Sind Frauen vom Leben so überfordert, dass ihre dringendsten Wünsche sich darauf richten, in Ruhe nackt unter Erde zu liegen?
Zu den Männern. In der Welt am Sonntag las ich ein Interview mit dem Fußballtrainer Löw. Oder war es ein Inserat? Jedenfalls ging es um die Tatsache, dass Löw zum dritten Mal als »Markenbotschafter« für Nivea verpflichtet wurde, weshalb er sich hier gesprächsweise zu Problemen seiner Hautbeschaffenheit, seiner Bademantelfarbe und seines Haarwuchses äußerte und zu der Frage, nach was ein Siegestor, ja, der Sieg überhaupt dufte. Antwort: »Herb, nachhaltig, ein ganz tief gehender Geruch. Erdig, innere Freude.« Während Nivea, wie die Interviewerin zu erwähnen nicht vergaß, nach Maiglöckchen rieche, auch Jasmin.

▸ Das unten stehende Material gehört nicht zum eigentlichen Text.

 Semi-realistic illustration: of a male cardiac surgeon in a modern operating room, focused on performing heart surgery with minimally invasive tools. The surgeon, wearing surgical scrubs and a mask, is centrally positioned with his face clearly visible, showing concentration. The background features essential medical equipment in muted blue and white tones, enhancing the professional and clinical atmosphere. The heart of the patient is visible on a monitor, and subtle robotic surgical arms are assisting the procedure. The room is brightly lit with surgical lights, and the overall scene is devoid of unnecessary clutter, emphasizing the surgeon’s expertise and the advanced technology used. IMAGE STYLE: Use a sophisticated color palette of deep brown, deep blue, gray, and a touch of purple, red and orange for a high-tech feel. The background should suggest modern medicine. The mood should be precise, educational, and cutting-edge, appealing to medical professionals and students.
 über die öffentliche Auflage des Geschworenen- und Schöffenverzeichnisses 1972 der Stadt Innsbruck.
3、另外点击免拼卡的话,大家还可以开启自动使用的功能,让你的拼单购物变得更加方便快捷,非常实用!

Nachhaltig und tief gehend beschäftigt mich die Antwort Löws auf die Frage nach seinem Pony, warum er also diese letztlich seltsame, visierähnlich-jungenhafte Frisur trage. Löw sagte, er sei gegen seinen Haarwuchs machtlos, »meine Haare wachsen nämlich, was mich stört, nach vorne«. Wer von uns hätte sich je Gedanken über die Richtung seines Haarwuchses gemacht? Man ist ja froh, dass Haare nicht nach innen wachsen, in den Schädel hinein, das wäre schrecklich, sie sich morgens aus dem Kopf herausziehen zu müssen, mit einer Pinzette vielleicht, bevor sie das Hirn kitzeln. Nach vorne wachsende Haare.

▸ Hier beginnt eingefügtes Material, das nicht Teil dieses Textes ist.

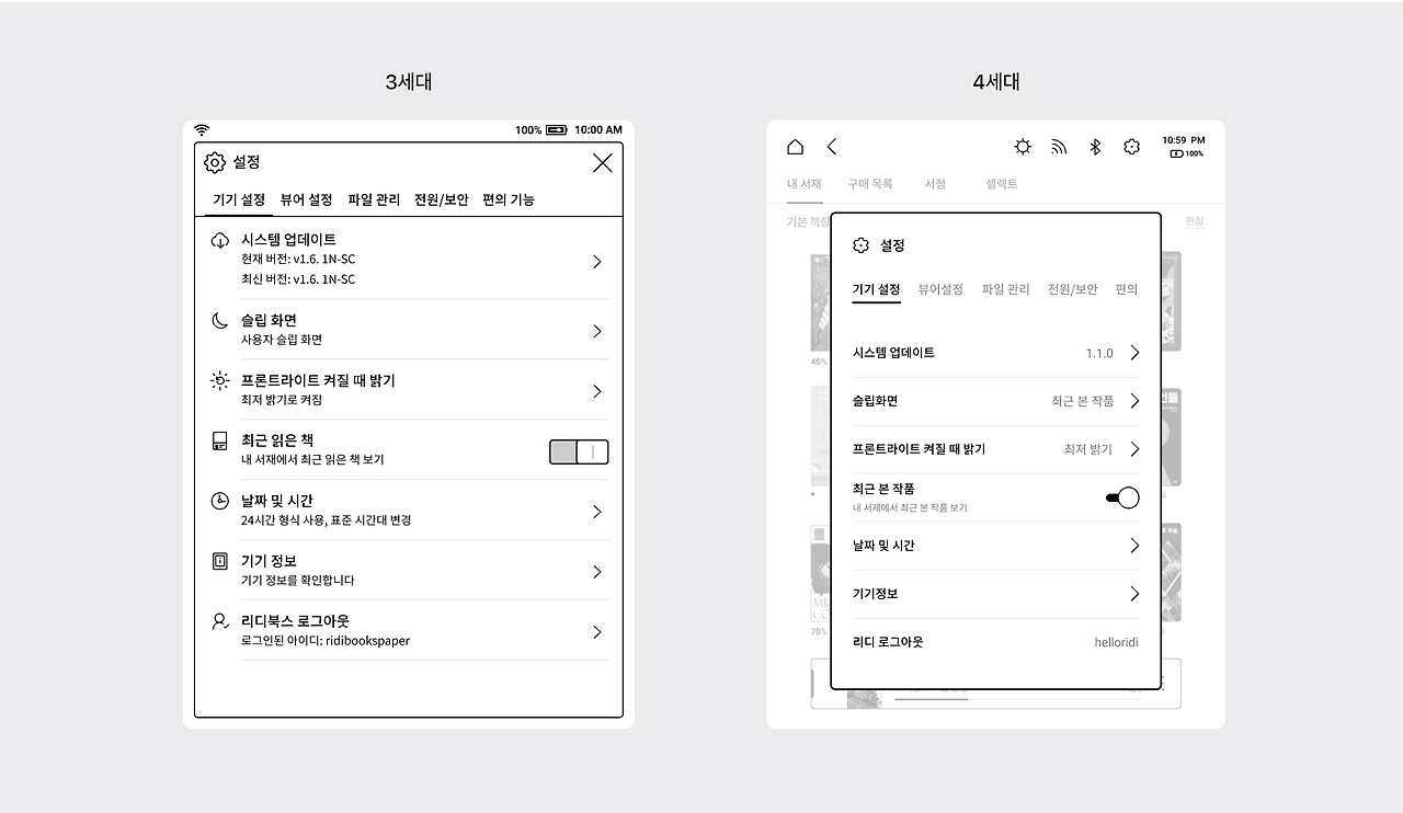 2015년에 처음 출시된 리디페이퍼 1세대 이후, 2019년 3세대까지 리디페이퍼의 기기 디자인은 조금씩 변화했지만 UX/UI는 주로 유지 보수 중심으로 운영되어 큰 변화가 없었다.

Die WamS-Interviewerin griff dem Trainer mit geradezu investigativer Gebärde gesprächsweise in die sich ihr ja ohnehin entgegendrängende Löw-Mähne: »Dachte ich mir doch, alles echt!« Was uns sofort daran erinnert, dass wir es jahrelang mit dem Minister zu Guttenberg zu tun hatten, dem erstens die Haare nach hinten wuchsen, dass es nur so eine Art hatte, und bei dem zweitens ein prüfender Griff in den Schopf gar nicht einfach gewesen wäre, die gegelten Strähnen wären einem leicht entflutscht. Ob wenigstens seine Haare dem eigenen Kopf entstammen?

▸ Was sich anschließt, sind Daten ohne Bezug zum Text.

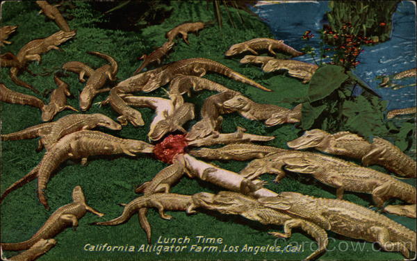 Front: Lunch Time California Aliigator Farm, Los Angeles, Cal. Back: WIES PACIFIC NOVELTY CO. SAN FRANCISCO GLOS ANGELES 201

Ein Blick in den Spiegel. Ein Mann im Mai. Was ist über Männer im Mai jetzt zu sagen? Es gibt ein Alter, in dem es ihnen egal ist, ob Haare nach vorn wachsen oder hinten – Hauptsache, sie wachsen. Diese Männer möchten aus der Fülle schöpfen, kein Haar zwischen den Fingern sehen, wenn sie sich morgens durch den Schopf fahren, es soll etwas wehen im Frühlingswind, wenn sie aus dem Haus treten, vom herb-nachhaltigen, tief gehenden Geruch des Sieges umwölkt, die Haare, doch: nach vorne gerichtet, auch nach vielen Jahren neuen Zielen entgegeneilend, die Haut ihretwegen mit Maiglöckchenduft, auch Jasmingeruch vollgesogen. Männer im Mai möchten die Blicke der Frauen spüren, aus deren Schlammlöchern heraus, auf ihren von erdig-innerer Freude erfüllten Körpern.